Teresa continuó con su marcha con su indómito paso altivo, muy pagada de sí misma. Era ruda y fuerte. Al salir del callejón miró hacia ambos lados de la acera y de no ser por un puñado de chicos a lo lejos la calle estaría desierta. Ella se dispuso a dar un paso hacia adelante y así continuar con su camino a casa, pero antes de completar aquella tarea solo pudo sentir cuando sujetaron con fuerza su cabeza desde atrás y en un momento muy rápido, tan rápido como para que sus ojos no se atrevieran a detectarlo una cuchilla le cercenó la garganta de extremo a extremo. La sorpresa mezclada con el horror de lo que sucedía la dejaron en blanco, nada podía hacer en aquellos escasos segundos de vida que aún le quedaban en su cuerpo. La joven Teresa trató de gritar, pero por su garganta mutilada solamente brotaron los grotescos sonidos de la sangre siendo vertida sobre su pecho y también sobre la acera, y el siniestro balbuceo inentendible que salía de sus cada vez más espasmódicos y rígidos labios. El sonido de la muerte. El cuerpo de la pobre chica se desplomó pesadamente sobre un charco hecho de su propia sangre, justo a los pies de una figura alta y desgravada que se encontraba en la sombra de aquel callejón.

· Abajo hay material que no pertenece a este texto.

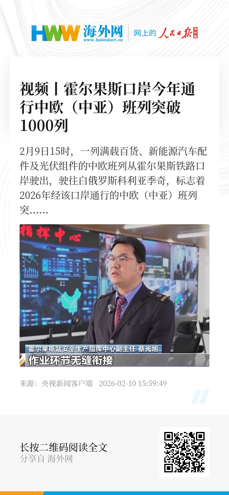 霍尔果斯站安全生产指挥中心副主任 蔡光旭:通过精准车流预报、作业环节无缝衔接,确保日班计划的高质量兑现,为全年运输上量开了好头。
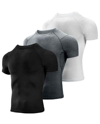 Niksa 1/3 stycken kompressionströja herr, löpartröja herr, kortärmad med underarm mesh, kortärmad funktionell tröja, andas, sportskjorta för löpning, träning, jogging, fitness, gym, Svart/grå/vit, 3

Aquella persona vestida de negro de los pies a la cabeza sacó a la luz de la calle su enmascarada cabeza y con un siniestro y estoico movimiento miró hacia la derecha y luego a la izquierda; se tomó un par de segundos para observar a aquellos chicos calle arriba, los cuales disfrutaban de la noche sin reparar en los espasmos finales del cuerpo de Teresa. El asesino miró al cielo y suspiró dejando escapar a través del cuero de su oscura mascara un sonido grave y rasposo, tan siniestro como el respirar de la muerte misma. Él, sin llegar a salir en ningún momento de las sombras que lo acobijaban en aquel callejón agarró con su mano enguantada el cabello de Teresa, y así arrastró el cuerpo sin vida de la chica lenta, y de forma inclemente hacia la oscuridad, la cual era su dominio. Allí se encargaría de terminar con su trabajo.